Migration from Kafka to Pub/Sub

This document is useful if you are considering migrating from self-managed Apache Kafka to Pub/Sub, because it can help you review and consider features, pricing, and use cases. Each section identifies a common Kafka use case and offers practical guidance for achieving the same functionality in Pub/Sub.

Overview of Pub/Sub

Pub/Sub is an asynchronous messaging service. Pub/Sub decouples services that produce events from services that process events. You can use Pub/Sub as messaging-oriented middleware or event ingestion and delivery for streaming analytics pipelines. in both scenarios, a publisher application creates and sends messages to a topic. Subscriber applications create a subscription to a topic to receive messages from it. A subscription is a named entity that represents an interest in receiving messages on a particular topic.

Pub/Sub runs in all Google Cloud regions. Pub/Sub directs publisher traffic to the nearest Google Cloud data center where data storage is allowed, as defined in the resource location restriction policy.

Pub/Sub can integrate with many Google Cloud services such as Dataflow, Cloud Storage, and Cloud Run. You can configure these services to serve as data sources that can publish messages to Pub/Sub, or as data sinks that can receive messages from Pub/Sub.

Overview of Kafka

Apache Kafka is an open source, distributed, event-streaming platform, and it enables applications to publish, subscribe to, store, and process streams of events. The Kafka server is run as a cluster of machines that client applications interact with to read, write, and process events. You can use Kafka to decouple applications, send and receive messages, track activities, aggregate log data, and process streams.

Within the Kafka cluster, some nodes in the cluster are designated as brokers. Brokers receive messages from producers and store them on disk. Stored messages are organized by topic and partitioned across several different brokers in the cluster. New events published to a topic are appended to the end of one of the topic's partitions. Consumers can then fetch messages from brokers, which are read from disk and sent to the consumer.

Understanding the differences between Kafka and Pub/Sub

The following diagram shows the differences in scaling strategy between Kafka and Pub/Sub:

Scaling strategy with partitions for Kafka and no partitions for Pub/Sub.

In the preceding diagram, each M represents a message. Kafka brokers manage multiple ordered partitions of messages, represented by the horizontal rows of messages. Consumers read messages from a particular partition that has a capacity based on the machine that hosts that partition. Pub/Sub does not have partitions, and consumers instead read from a topic that autoscales according to demand. You configure each Kafka topic with the number of partitions that you require to handle the expected consumer load. Pub/Sub scales automatically based on demand.

Comparing features

The following table compares Apache Kafka features with Pub/Sub features:

Apache Kafka Pub/Sub
Message ordering Yes within partitions Yes within topics
Message deduplication Yes Yes using Dataflow
Push subscriptions No Yes
Unprocessed message queue As of version 2.0 Yes
Transactions Yes No
Message storage Limited only by available machine storage 7 days
Message replay Yes Yes
Locality Local cluster can replicate using MirrorMaker Global distributed service with configurable message storage locations
Logging and monitoring Self-managed Automated with Cloud Logging and Cloud Monitoring
Stream processing Yes with KSQL Yes with Dataflow

Understanding Pub/Sub message storage and replay

By default, Pub/Sub retains unacknowledged messages for up to 7 days, but you can configure Pub/Sub subscriptions to retain acknowledged messages. By retaining acknowledged messages, you can replay some or all of those messages based on a timestamp. When you replay messages based on a timestamp all messages that were received after the timestamp are marked as unacknowledged. The unacknowledged messages are then redelivered.

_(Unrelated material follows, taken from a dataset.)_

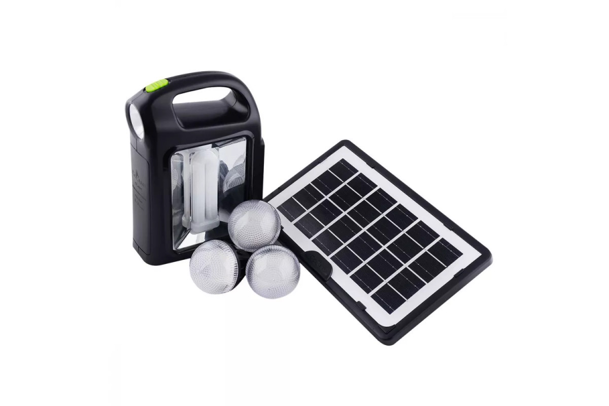 - комплект: зарядний кабель 5 в 1, ліхтар, 3 лампи, сонячна панель.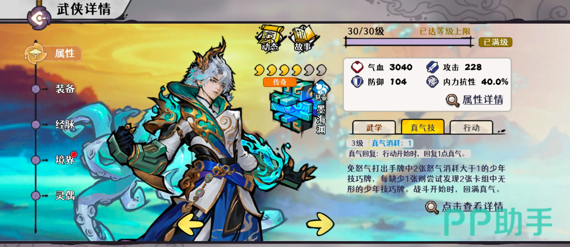 第二部分就是关于他的悬浮技能,这个角色拥有悬浮的最强保人方式,可以直接复活队友,也相当于整个团队的奶妈,每复活两次己方队友。可实现群体回满血量,没有技巧卡时,玩家可以拿角色。自身的技巧卡”幻方八渊决“,在启动该技能卡时,发现友方武侠的无形武学各1张。并使其怒气消耗-1,手牌中每有1张中立牌,怒气消耗-1,最多可叠加3层。回合开始此牌回到手牌。

You can create snapshots of individual subscriptions on demand without needing to configure your subscription in advance. For example, you can create a snapshot when deploying new subscriber code because you might need to recover from unexpected or erroneous acknowledgments.

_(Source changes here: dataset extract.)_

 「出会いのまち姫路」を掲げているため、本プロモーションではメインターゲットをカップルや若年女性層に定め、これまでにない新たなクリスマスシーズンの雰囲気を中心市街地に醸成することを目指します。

Built in failsafe with unprocessed message topics

Pub/Sub provides similar functionality to Kafka 2.0 error handling and to how Kafka Connect handles unprocessed message topics. To notify Pub/Sub that a message was delivered successfully, subscribers to Pub/Sub topics can acknowledge messages that they receive and process. If your subscribers are unable to process messages for some time, Pub/Sub can automatically forward these messages to an unprocessed-message topic and store them for access later. You can configure the number of attempts that Pub/Sub makes to deliver the messages before it sends the message to the unprocessed-message topic.

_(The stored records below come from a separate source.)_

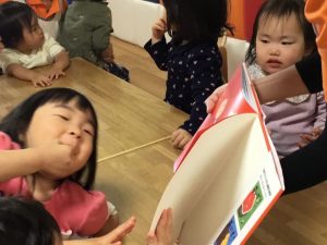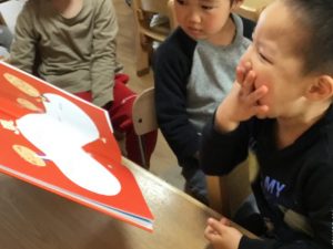 みんなで絵本のおもちを美味しくいただきました(笑)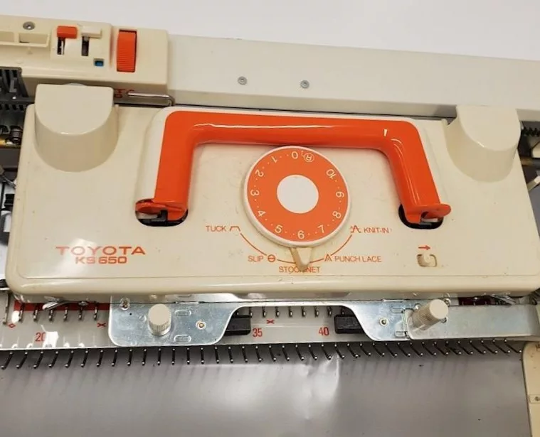 Toyota KS650 accepts punchcards with a 12-stitch repeat pattern. Its patterning mechanism (with drums) is similar to the Silver/Singer/Silver Reed/Studio as well as Empisal/Riccar machines. In fact, the manual for the Toyota KS650 ribber even mentions mod. 155 knitting machine, which is a model number for the similar Sdutio, Singer and Silver Reed bulky machines.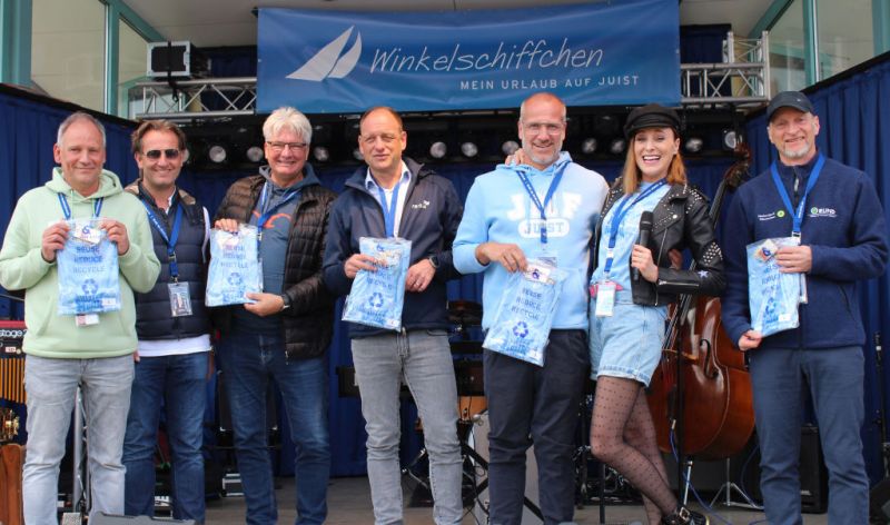 Das Bild oben auf der Startseite zeigt die Beteiligten der Eröffnungsfeier, (v.l.n.r.) Jörg Rosenbohm (Hauptorganisator), André Berger (Sponsor Winkelschiffchen), Dr. Tjark Goerges (Bürgermeister), Carl-Ulfert Stegmann (Sponsor Norden-Frisia), Guido Schmitz (Sponsor Colours & Sons), Annie Heger (Moderatorin), Jens Heyken (Leiter Nationalparkhaus Juist)

Deduplicating messages in Pub/Sub using Dataflow

Pub/Sub delivers each published message at least once for every subscription. In general, accommodating more-than-once delivery requires your subscriber to be idempotent when processing messages. If your existing subscribers are unable to operate idempotently, then you can incorporate Dataflow to deduplicate messages. If your subscribers see a high rate of duplicate messages, this can indicate that they are not properly acknowledging messages, or that your acknowledgment deadline is too short.

Message ordering in Pub/Sub

If your Kafka subscriber applications rely on message ordering, you can support this requirement in Pub/Sub when you use ordering keys. Currently, ordering is guaranteed for messages published in a given region. To take advantage of message ordering, ensure that your publishers and subscribers use regional endpoints to route your messages to the correct region.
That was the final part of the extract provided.